Who benefits from the taxes we pay seldom gets examined, but two reports on the redistributive effects of taxes and transfers shed some revealing light on this issue. One report deals with the United States and the other with Canada.

In America, taxes and transfers have a significant impact on income inequality, which has been rising since 1980, according to a report by Thomas L. Hungerford of the Congressional Research Service. You can see the report here.

Hungerford warns that new tax policies, aimed at bringing what we levy in line with what we spend, need to be evaluated in terms of the redistributive effects to avoid unintended consequences.

But for taxes and transfers, America would be the 19th most unequal nation in the world, if you apply Hungerford's data to the annual CIA World Fact Book report on income inequality.

Inequality, keep in mind, is the result of many factors, including how government rules shape economic outcomes. Policies that artificially raise prices, for example, or that favor some with quality education affect how much money individuals can save, make in profits, and earn in the labor market.

Hungerford's report uses the standard Gini index to examine equality.

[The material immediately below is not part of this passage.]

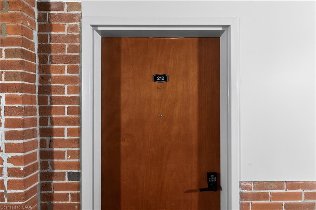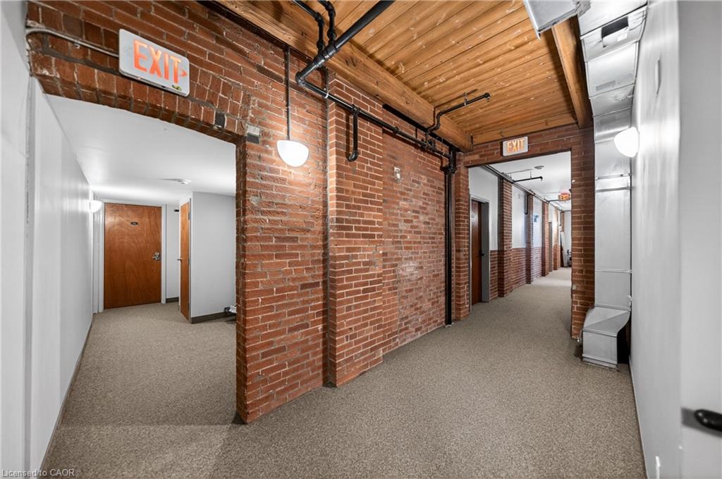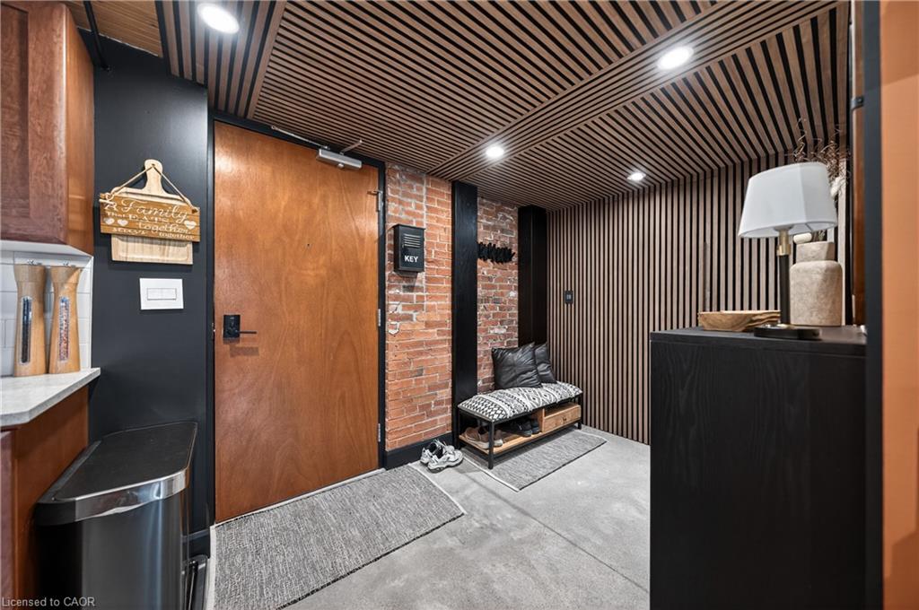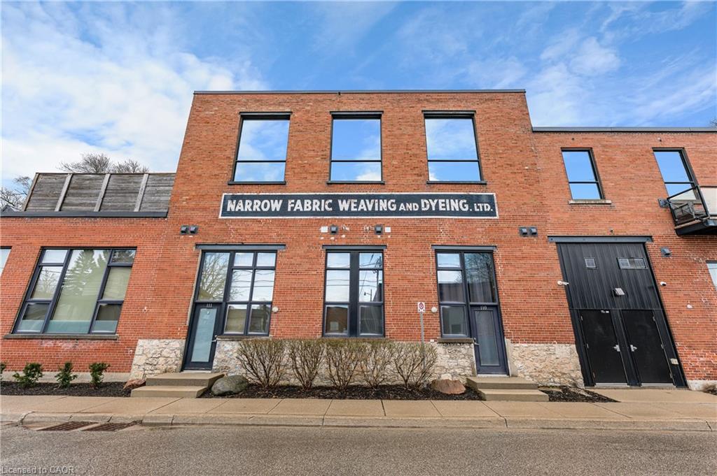 Welcome to one of Cambridge’s most striking loft residences, set in a character-filled, century-old factory conversion on a quiet street, just steps to the Grand River, cafes, shops, and trails. This exceptional open-concept loft offers approximately 1,535 sq. ft. of living space, featuring soaring 17-foot ceilings, post and beam construction, exposed brick, and dramatic double-height windows that flood the home with natural light. The updated kitchen showcases quartz countertops, stainless steel appliances, gas range with electric oven, exterior-vented hood, roll-out shelving, and a large pantry. Extensively renovated throughout, the unit includes a fully redone main bath and an updated ensuite with rain shower. Additional upgrades include an enlarged front entry with hidden pantry/coat closet, custom bar and coffee station with built-in microwave, updated stair landing, Brazilian cherrywood floating staircase, custom fireplace, industrial-style ceiling fan, and all new window coverings including remote blackout blinds. The upper-level features wide plank cherrywood flooring, along with a customized wardrobe, added closet, and ceiling fan in the bedroom. Enjoy your private 450 sq. ft. terrace, fully fenced for added privacy, complete with a gas line for BBQ, perfect for entertaining. Includes two parking spaces and a large locker. A rare opportunity to own a truly unique loft in one of Cambridge’s most desirable communities.

If everyone had equal income, the Gini number would be zero, while if one person had all the income, it would be 100, at least for the few minutes before hunger prompted us all to revolt.

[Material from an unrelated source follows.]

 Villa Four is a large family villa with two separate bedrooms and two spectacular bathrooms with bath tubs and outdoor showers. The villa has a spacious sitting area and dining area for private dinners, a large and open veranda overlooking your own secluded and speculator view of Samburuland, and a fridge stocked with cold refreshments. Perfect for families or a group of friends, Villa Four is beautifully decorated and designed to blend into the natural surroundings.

Hungerford's report shows that before taxes and transfers, American household income has a Gini figure of 51. That would put us in the same economic equality neighborhood as El Salvador, Papua New Guinea, Zambia, and Niger -- not exactly the kinds of countries we imagine being akin to American values or economic success.

After taking into account taxes and transfers, like Social Security, the Gini index drops to 43. That puts us in the hardly more desirable neighborhood of Nicaragua, Cambodia, Kenya, Thailand, Russia, and Senegal, all with Gini indexes from 43 down to 41.

The CIA, by the way, puts the United States Gini at 45, slightly higher than Hungerford's analysis for Congress. (For the CIA report, see https://www.cia.gov/library/publications/the-world-factbook/rankorder/2172rank.html.)

And what of those countries most like America in terms of culture, economics, and wealth? What of those countries we think of as modern industrial societies, the ones we compete with in the global economy? Japan comes in at 38. Much more equal are Canada, Spain, Italy, and the European Union as a whole, which are all around 31 or 32. Germany is at 27, while we find Norway, Sweden, and Denmark between 23 and 25.

Hungerford goes on to detail how nine tax law provisions have redistributive effects, five of them decreasing inequality and four of them increasing it.

In order of significance, the progressive effects come from the child tax credit, the earned income tax credit, the exclusion of all or some Social Security income from taxable income, the alternative minimum tax, and the phaseout of personal exemptions and itemized deductions for higher-income taxpayers.

The regressive results come from reduced rates on capital gains, itemized deductions, reduced tax rates enacted during the Bush administration, and tax-exempt interest on municipal bonds.

Amazingly, the four regressive items are significantly larger than the progressive ones. In fact, they are 43 percent larger.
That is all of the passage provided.